Statistics Without a Calculator
A working knowledge of statistics should be in the skills toolbox of any data scientist. However, most of the methods require a computer or at least a scientific calculator to compute. Or do they? Here is one broadly applicable "trick" I use to estimate whether results of an A/B test are significant that can be estimated in your head.
The setup
Often, when running an A/B test we are comparing the number of successful outcomes between two groups. These could be Ad clicks, conversions, signups, downloads, etc. Often these data are presented something like this:
where "attempts" is the number of users shown a treatment and "success" is the count of our desired outcome. Treatment B was only shown about 10% as often as treatment A and shows a lift of almost 9%. However, the number of "success" for treatment B is small - only 275 events. So the question becomes: is treatment B actually better or could this result have occurred by chance?

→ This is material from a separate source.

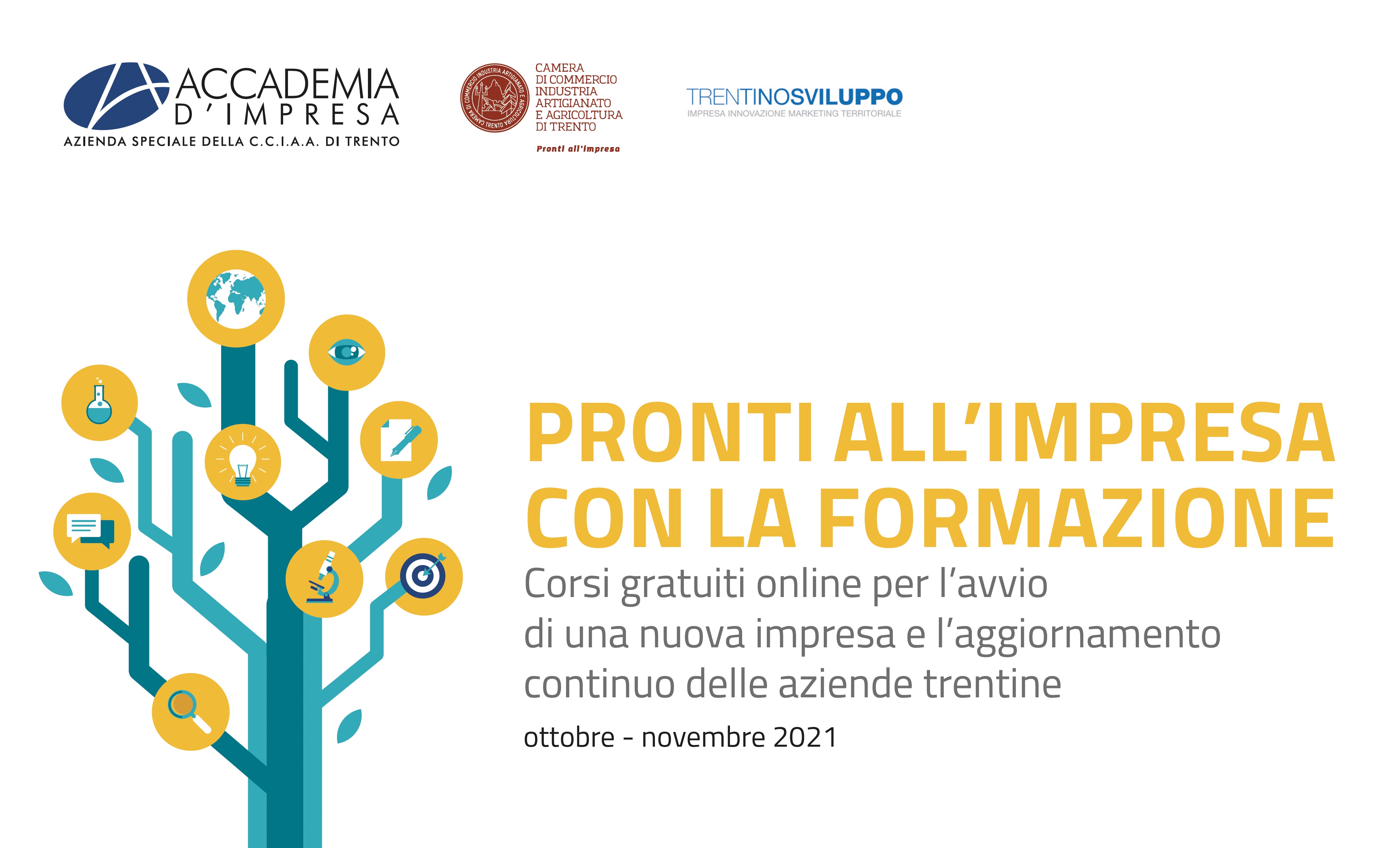 Bruno Degasperi, direttore di Accademia d’Impresa ha illustrato il nuovo servizio: “La proposta formativa, completamente gratuita, è articolato su due livelli, fruibili indipendentemente. Un webinar d’accesso, dal titolo “Nuova impresa”, a carattere divulgativo, che approfondisce il tema degli adempimenti amministrativi collegati con l’apertura di un’azienda, ma anche quello delle opportunità (bandi, contributi, finanziamenti) e dei servizi messi a disposizione dal sistema pubblico provinciale e nazionale. Un secondo livello, più strutturato, dal titolo “Pronti all’impresa con la formazione” - evidente richiamo al payoff della Camera di Commercio di Trento - organizzato in 14 interventi online in diretta, fruibili anche singolarmente e concepiti per fornire un primo approccio a funzioni e competenze basilari di carattere tecnico-gestionale (strategia e innovazione, gestione economico-finanziaria, risorse umane, comunicazione e marketing). Le due iniziative, che saranno proposte periodicamente nel corso dell’anno, sono curate da docenti di Accademia d’Impresa e si rivolgono non solo ad aspiranti e neoimprenditori, ma anche a piccoli imprenditori e loro collaboratori desiderosi di acquisire nuove competenze”.

Edit: I realized there is a much bigger application - Year over year statistics. Some examples: "Incidents of crime spiked 30% from 10 last year to 13 this year." You can use this trick the same way.
The trick
The statistical test to determine if treatment B is better than A is relatively straight forward. You can, for example use a test based on the Binomial Distribution, but this math is not easy. Notice that of all the raw counts, the 275 "successes" in treatment B is by far the smallest. This means that most of our uncertainty comes from this count. Under some reasonable assumptions we can say that the uncertainty in this value is about equal to its square root. Put another way, if we were to rerun this experiment many times, the standard deviation in the "275" value is about sqrt(275). This means that our relative error is sqrt(275)/275 or about 6%
What does this mean?
It means that our uncertainty is on the order of 6%. Can we therefore conclude that treatment B's observed lift of 8.66% is real? Probably not. To be reasonably sure that the effect is real, the magnitude of the effect should be at least 2 x the magnitude of the uncertainty. The conclusion should probably be: "gather more data to decrease the uncertainty" or perhaps "we are pretty sure the actual lift is less than 12%.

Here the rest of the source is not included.